Tuesday, October 8th
I put the Gehlen request for documents on the teleprinter to London and marked it urgent.
The paper said:
Name: Louis Paul BROUM
National Status: British
Nationality of Father: French
Profession: Agricultural Biologist
Date of birth: August 3rd, 1920
Place of birth: Prague, Czechoslovakia
Residence: England
Height: 5 ft 9 ins Weight: 11 st 12 lb
Colour of eyes: brown Colour of hair: black
Scars: 4-inch scar inside of right ankle
Documents required.
1. British Passport issued not before beginning of current year.

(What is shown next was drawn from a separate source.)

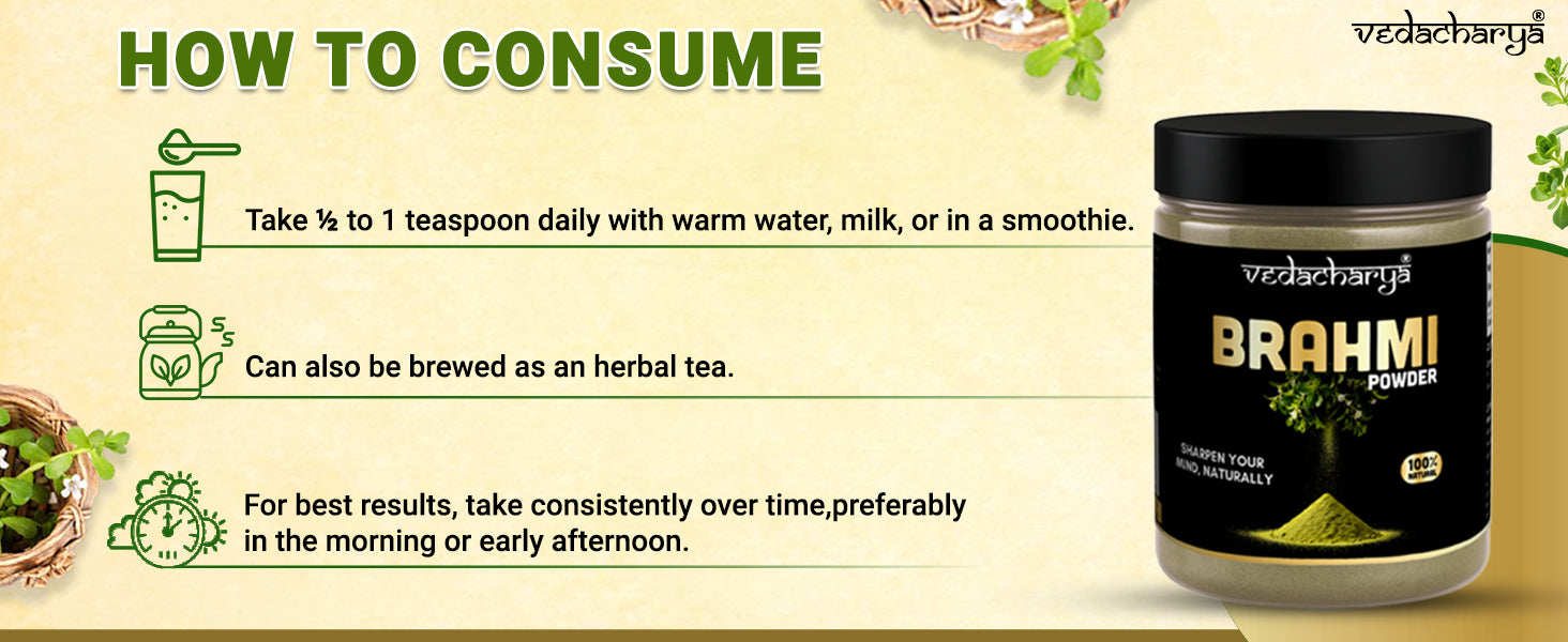 Take 1 teaspoon (3–5 g) of Vedacharya Brahmi Powder once or twice daily with warm water, milk, or honey, or as directed by your physician.

2. British Driving Licence.
3. International Driving Permit.
4. Current Insurance Policy on a motor vehicle in British Isles.
5. Motor Vehicle Registration Book (for same vehicle).
6. Diners’ Club credit card (current).
JOHN AUGUST VULKAN
Wednesday, October 9th
‘Oh boy,’ thought Johnnie Vulkan Edelfresswelle – a great calorific abundance of everything but faith – and quite frankly it was great. There were times when he saw himself as an untidy recluse in some village in the Bavarian woods, with ash down his waistcoat and his head full of genius, but tonight he was glad he had become what he had become. Johnnie Vulkan, wealthy, attractive and a personification of Knallhärte – the tough, almost violent quality that post-war Germany rewarded with admiring glances. The health cures at Worishofen had tempered him to a supple resilience and that’s what you needed to stay on top in this town – this was no place for an intellectual today, whatever it may have been in the ’thirties.
He was glad the Englishman had gone. One could have too much of the English. They ate fish for breakfast and always wanted to know where they gave the best rate of exchange. The whole place was reflected in the coloured mirror. The women were dressed in sleek shiny gowns and the men were wearing 1,000-mark suits. It looked like those advertisements for bourbon that one saw in Life magazine. He sipped his whisky and eased his foot on to the foot-rail of the bar. Anyone coming in would take him for an American. Not one of those crummy stringers who hung around writing groundless rumours with ‘Our special correspondent in Berlin’ on the dateline, but one of the Embassy people or one of the businessmen like the one sitting against the wall with the blonde. Johnny looked at the blonde again. Boy, oh boy! he could see what type of suspender belt she was wearing. He flashed her a smile. She smiled back. A fifty-mark lay, he thought, and lost interest. He called the barman and ordered another bourbon. It was a new barman.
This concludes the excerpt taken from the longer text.